Your assignment:
Reproduce each line below precisely. Drop the pictures.

-- Opening Marker --

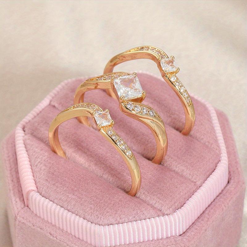 Add a touch of elegance to your look with this 3pcs CZ ring set, featuring shimmering cubic zirconia stones. Perfect for weddings, Christmas, and New Year celebrations.
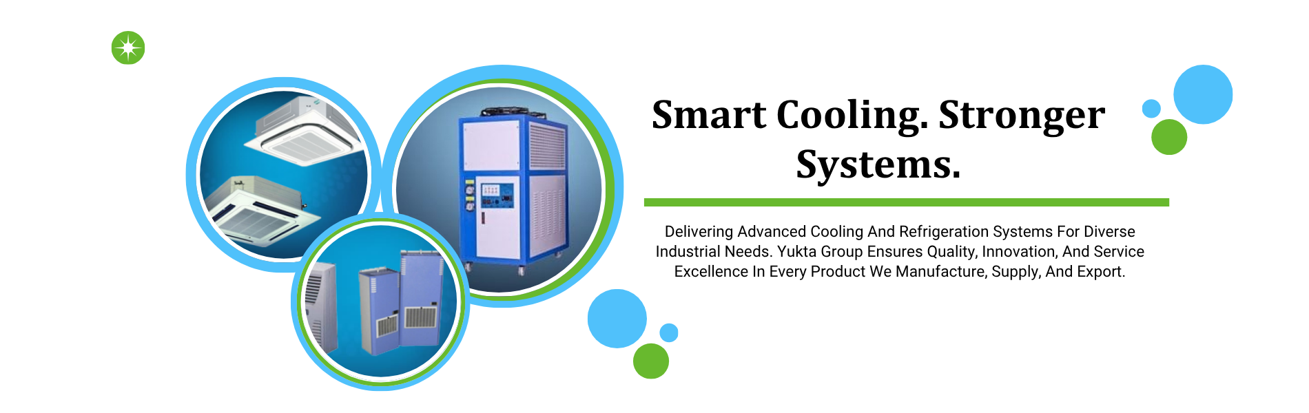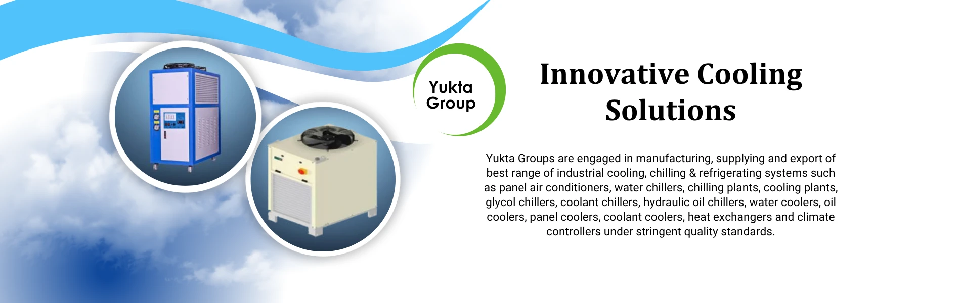 Yukta Groups are engaged in manufacturing, supplying and export of best range of industrial cooling, chilling & refrigerating systems such as panel air conditioners, water chillers, chilling plants, cooling plants, glycol chillers, coolant chillers, hydraulic oil chillers, water coolers, oil coolers, panel coolers, coolant coolers, heat exchangers and climate controllers under stringent quality standards..
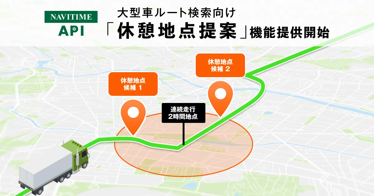 株式会社ナビタイムジャパンは、2025年9月26日から法人向け地図・ルート検索API『NAVITIME API』に新機能を追加します。この機能は、大型車向けのルート検索APIにおいて、運転者が適切に休憩を取るための「休憩地点提案機能」です。
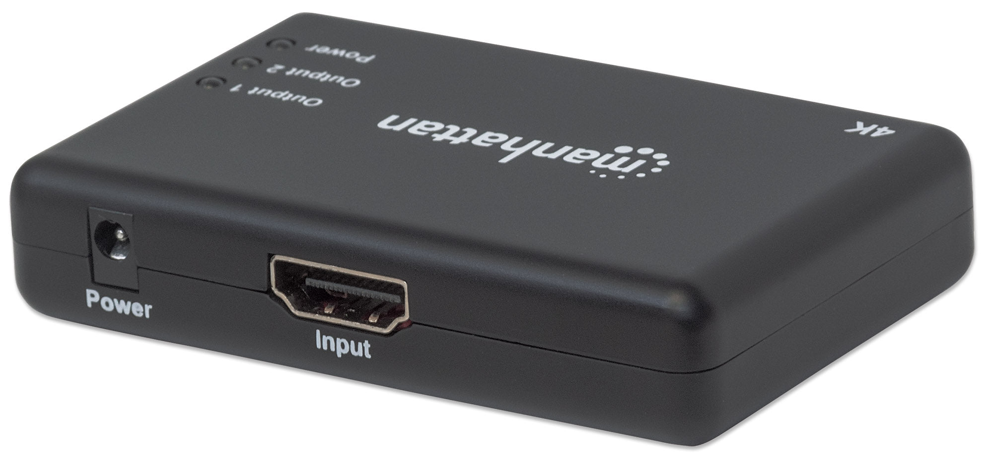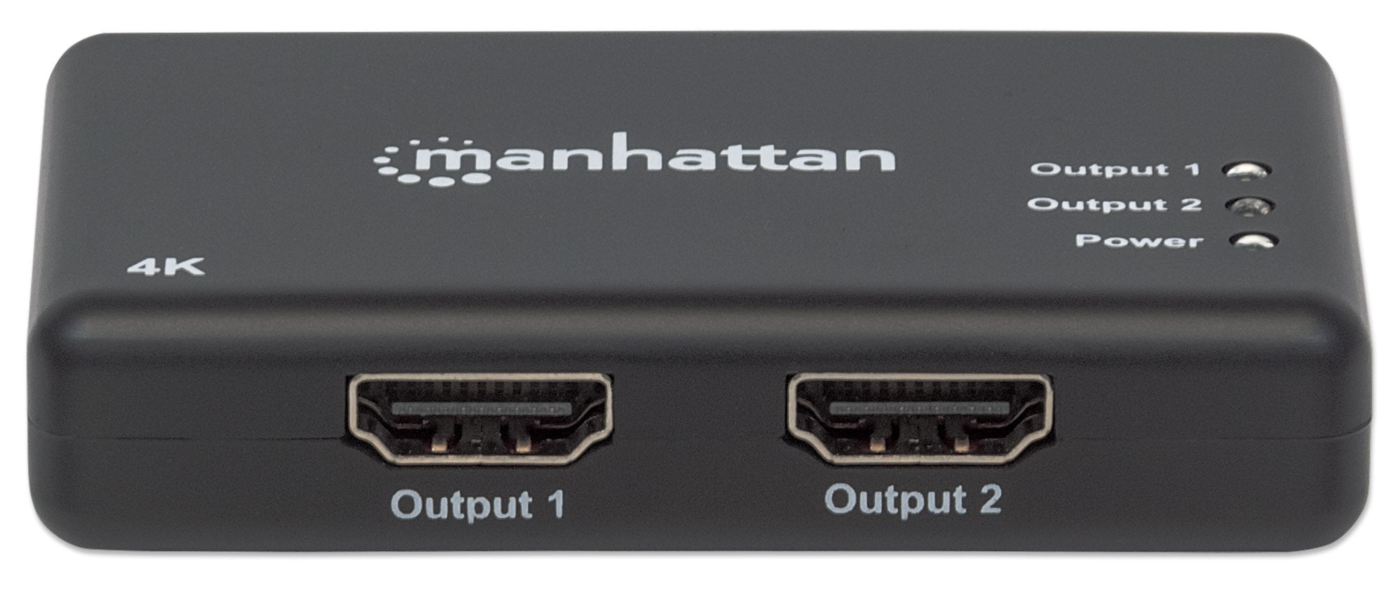Le répartiteur HDMI 4K 2 ports de Manhattan avec amplificateur intégré diffuse un signal HDMI 4K à partir d'une seule source UHD vers jusqu'à deux affichages UHD.
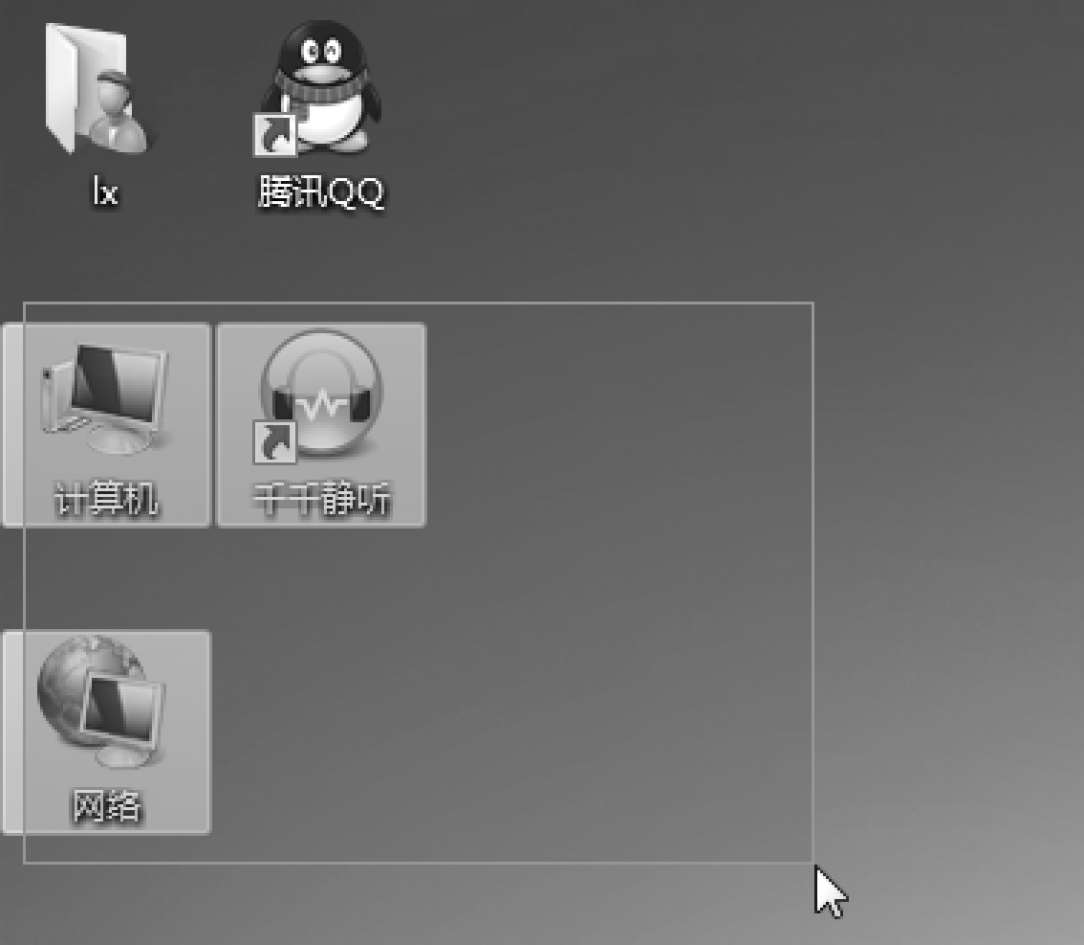 此外,拖动鼠标还可用于框选多个对象,方法为:按住鼠标左键不放并拖动,此时会形成一个以鼠标起点和终点为对角线的方框,松开鼠标左键后,方框内的对象将被全部选中,如图1.31所示。

-- Closing Marker --

Finished task:
 Add a touch of elegance to your look with this 3pcs CZ ring set, featuring shimmering cubic zirconia stones. Perfect for weddings, Christmas, and New Year celebrations.
 Yukta Groups are engaged in manufacturing, supplying and export of best range of industrial cooling, chilling & refrigerating systems such as panel air conditioners, water chillers, chilling plants, cooling plants, glycol chillers, coolant chillers, hydraulic oil chillers, water coolers, oil coolers, panel coolers, coolant coolers, heat exchangers and climate controllers under stringent quality standards..
 株式会社ナビタイムジャパンは、2025年9月26日から法人向け地図・ルート検索API『NAVITIME API』に新機能を追加します。この機能は、大型車向けのルート検索APIにおいて、運転者が適切に休憩を取るための「休憩地点提案機能」です。
Le répartiteur HDMI 4K 2 ports de Manhattan avec amplificateur intégré diffuse un signal HDMI 4K à partir d'une seule source UHD vers jusqu'à deux affichages UHD.
 此外,拖动鼠标还可用于框选多个对象,方法为:按住鼠标左键不放并拖动,此时会形成一个以鼠标起点和终点为对角线的方框,松开鼠标左键后,方框内的对象将被全部选中,如图1.31所示。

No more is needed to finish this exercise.